Рано утром девятого сентября Палисс отвел меня в комнату охраны. Там были два жандарма. Вручив мне мою гражданскую одежду и мои немногочисленные вещи, жандармы отвели меня в наручниках в другую камеру в одном из близлежащих полицейских постов. Моя новая свобода, думал я. Я был слишком испуган, чтобы спрашивать, куда они меня отправят.

На следующее утро жандармы отвели меня к поезду и мы втроем поехали к моему новому месту назначения. Это вовсе не была свобода. Это был лагерь для выполнения тяжелых работ.

13

СЕТФОН, ТУЛУЗА

(сентябрь — декабрь 1943)

Наш поезд остановился на станции в деревне Сетфоне. Здесь не было ничего, кроме крошечного здания вокзала, двух скамеек для ожидающих пассажиров и окна билетной кассы. Но никто не продавал и не покупал билеты, не было ни приехавших, ни отъезжающих. Это выглядело как последний пост на краю земли.

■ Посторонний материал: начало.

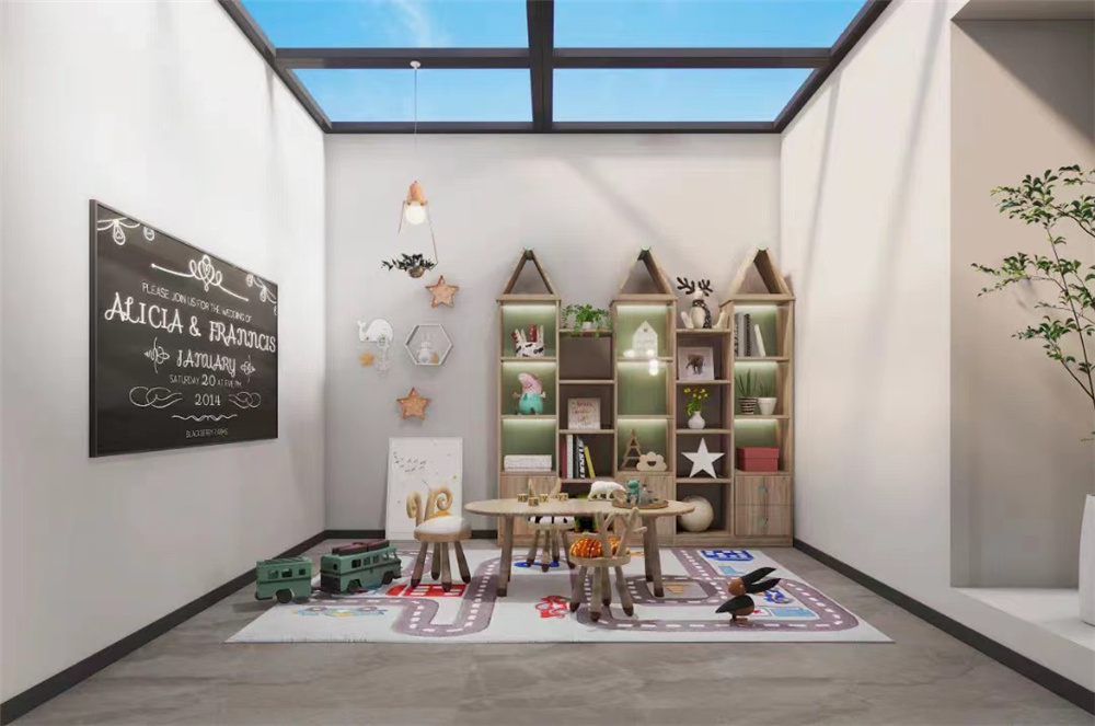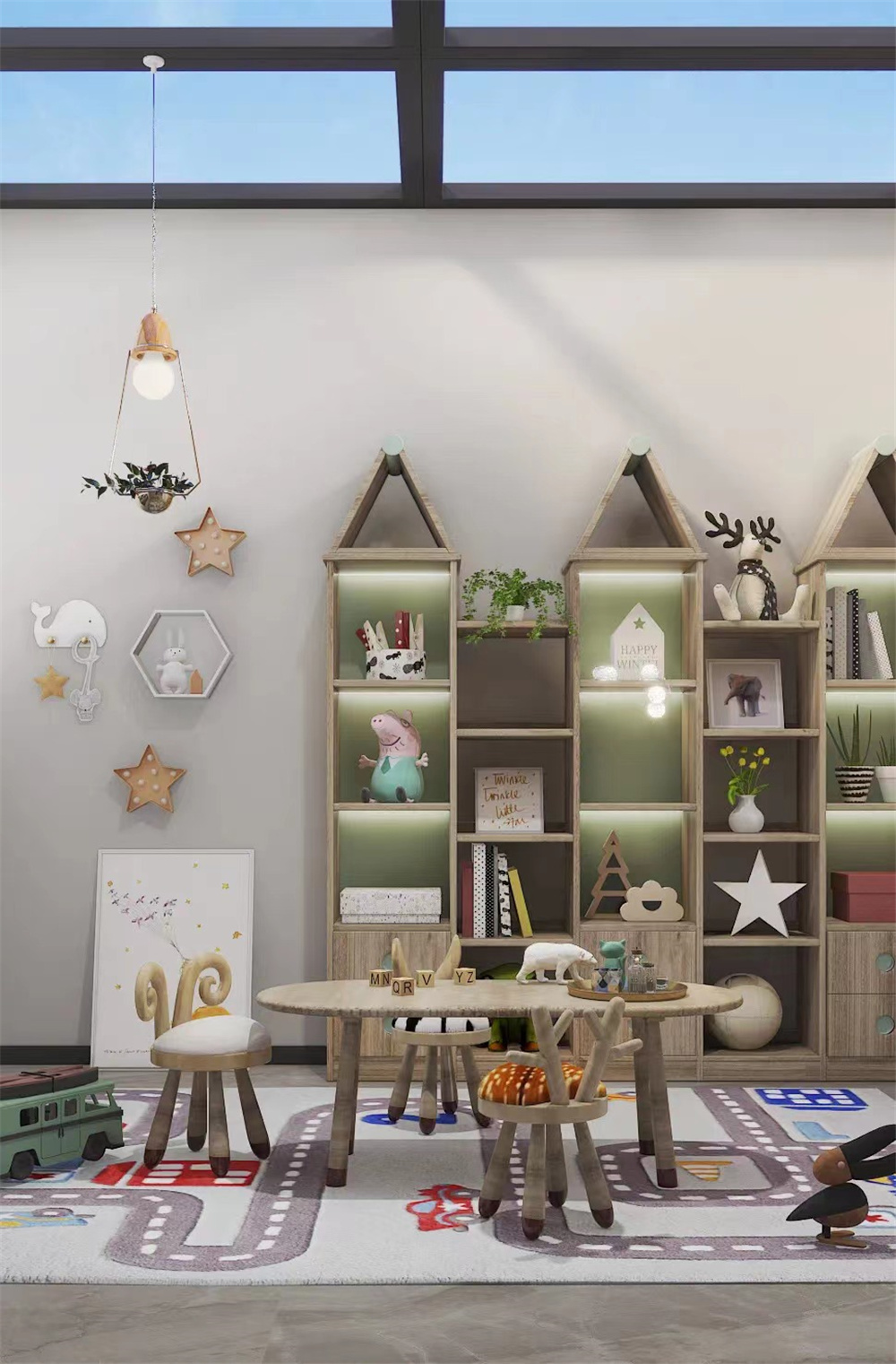 The public area on the second floor is specially left to create a children's entertainment area for children. Bookcases in cartoon shape, tables and chairs in deer shape, dolls and building blocks that babies like can be ripe here, protecting children's childlike interest and innocence, and satisfying the parent-child interaction function that the owners want.

Дорога, покрытая щебенкой, вела к металлическим воротам лагеря в Сетфоне; позади ворот на ровной пустынной местности располагалось двадцать бараков, окруженных колючей проволокой. У меня возникло ощущение, что я уже был здесь раньше. Дранси тоже был огорожен колючей проволокой, как до этого Ривзальт, а еще раньше Сен-Сиприен. Может быть, мне удастся сбежать отсюда, как удавалось из других лагерей.

Жандармы отвели меня к досматривающему офицеру на контрольно-пропускном пункте. Тот просмотрел папку, содержащую историю моих задержаний, моих удавшихся и неудавшихся попыток к бегству. Он не выглядел довольным.

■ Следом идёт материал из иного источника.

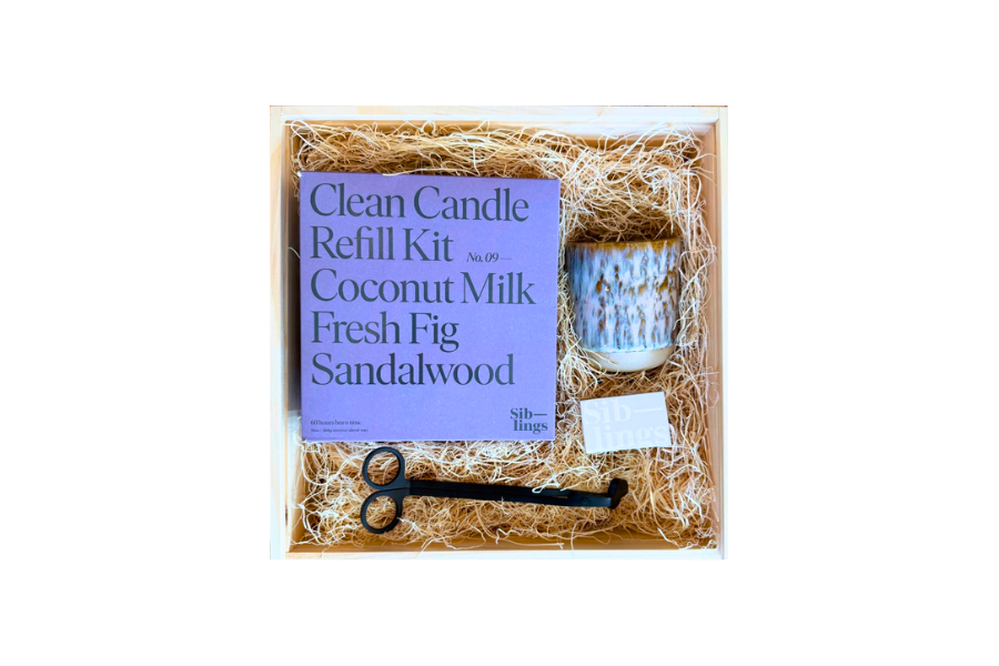 Each gift box includes: • Reusable Ceramic Candle Jar (choose from Cloud, Evergreen, or Earth) • Siblings Candle Refill Kit • Box of Matches • Candle Wick Trimmer • Reusable Wooden Gift Box with Lid and Excelsior Filling

— Побег из поезда, — перечислял он вслух, как бы желая мне напомнить. — Пересечение Луары… побег от блюстителя закона… арест… побег после судебного приговора… тюрьма…

Подняв глаза, он произнес:

— Из ряда вон выходящее досье, молодой человек.

С его стороны это не было комплиментом.

Искры юношеской гордости пронзили меня, но я спрятал все под маской покорного смирения. Покажи им, Лео, какой ты теперь покладистый. Не настраивай их против себя. Покажи им, что ты простой парень, забитый до полного подчинения, чтобы больше никто в изоляции одиночной камеры не пинал тебя сапогами по гениталиям.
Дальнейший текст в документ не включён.